The decision tree model has the best performance on validate with only a slight drop off in performance compared to the train set and 38% correct identification of churned customers.

---

## Looking Under the Hood

Before concluding let's look at how the decision tree is making its decisions.

In [29]:
# It's going to be difficult to read so scroll down for the summary
print(export_text(model_1, feature_names = X_train.columns.tolist()))

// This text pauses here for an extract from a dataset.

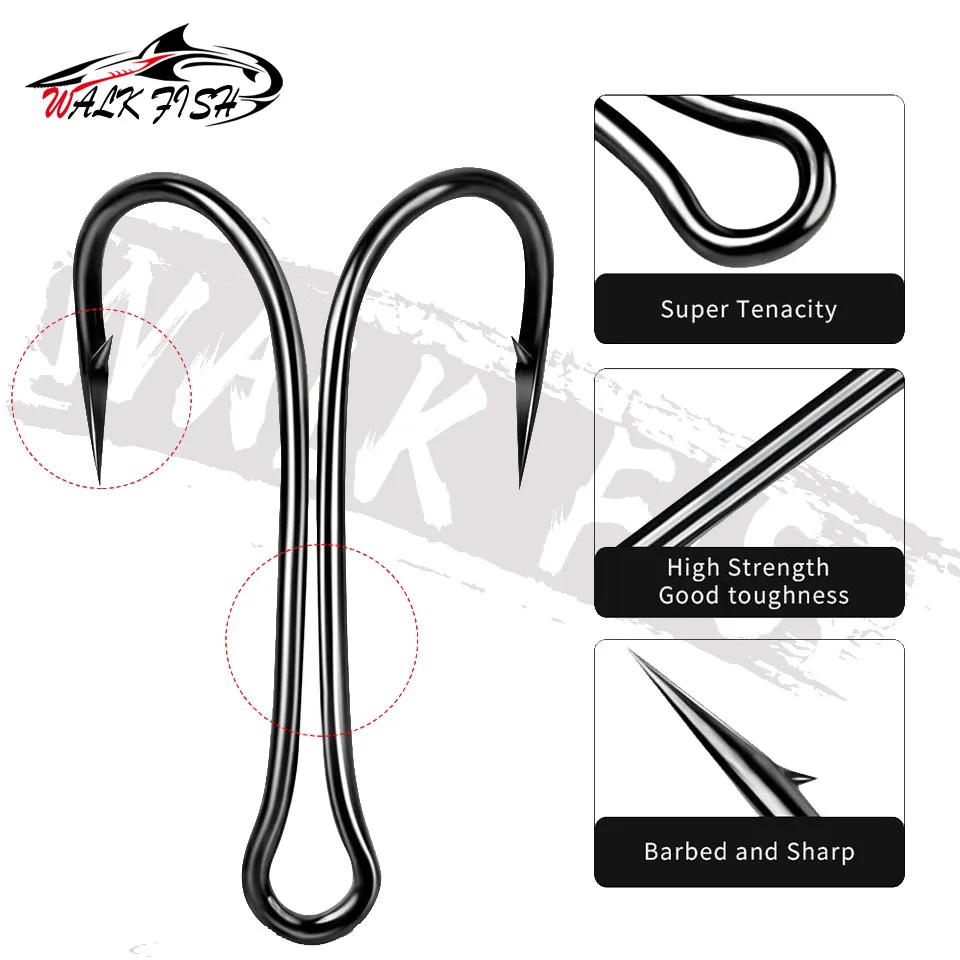 WALK FISH 50PCS Long Shank Double Hook Weedless Fishing hook Fly Tying Duple Hook for Jig Bass Fish Hook fishing For Soft Lure
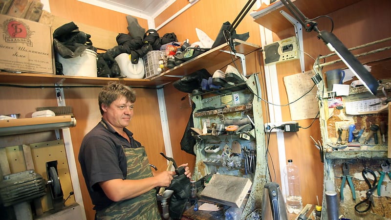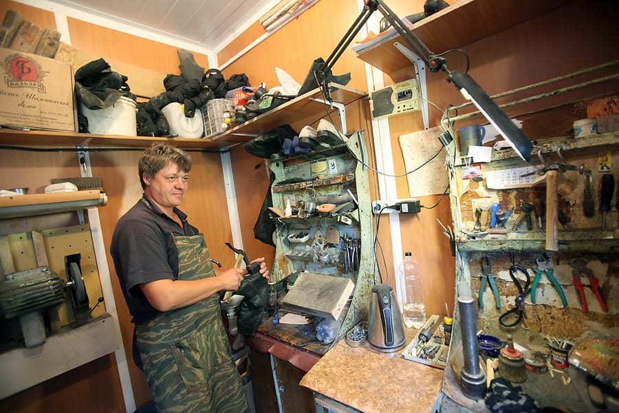С 90-х вообще многое изменилось. «Клиентов стало меньше. Намного меньше. Теперь двери не выламывают, – говорит Владимир. – Раньше было несколько «сапожек», и все в центре. А сейчас в каждом районе, в каждом магазине мастер сидит, приезжих много». Качество работы мастеров, по мнению Владимира, тоже стало хуже: «Раньше были внезапные проверки ОТК. Приезжали, смотрели, кто делает и как, разряды присваивали, – рассказывает он, сам, кстати, мастер шестого разряда. – Сейчас гвозди научился забивать – уже сапожник. Сегодня сапожник, завтра шпатлёвщик, послезавтра мясо на рынке разделывает. После таких народ к нам идёт и плачет».

|--- contract_type_two_year <= 0.50
|   |--- contract_type_one_year <= 0.50
|   |   |--- monthly_charges <= 67.70
|   |   |   |--- tenure <= 3.50
|   |   |   |   |--- monthly_charges <= 24.55
|   |   |   |   |   |--- class: No
|   |   |   |   |--- monthly_charges >  24.55
|   |   |   |   |   |--- class: Yes
|   |   |   |--- tenure >  3.50
|   |   |   |   |--- monthly_charges <= 25.32
|   |   |   |   |   |--- class: No
|   |   |   |   |--- monthly_charges >  25.32
|   |   |   |   |   |--- class: No
|   |   |--- monthly_charges >  67.70
|   |   |   |--- tenure <= 6.50
|   |   |   |   |--- tenure <= 1.50
|   |   |   |   |   |--- class: Yes
|   |   |   |   |--- tenure >  1.50
|   |   |   |   |   |--- class: Yes
|   |   |   |--- tenure >  6.50
|   |   |   |   |--- tenure <= 29.50
|   |   |   |   |   |--- class: Yes
|   |   |   |   |--- tenure >  29.50
|   |   |   |   |   |--- class: No
|   |--- contract_type_one_year >  0.50
|   |   |--- monthly_charges <= 98.12
|   |   |   |--- monthly_cha

This is a lot to digest so let's break down some of the key takeaways:
- Most of the "Yes"s are split by contract type of month to month and monthly_charges > 67.70
- Most of the remaining "Yes"s are decided by high monthly charges

Likely the best recommendation to make here is whenever a customer is identified as likely to churn they should be offered a discounted rate which would make them less likely to churn.

---

## Conclusion

We choose the decision tree model as our best model and in the final report notebook we will run a final check on this model to see how it performs with the test dataset and create a csv file of predictions.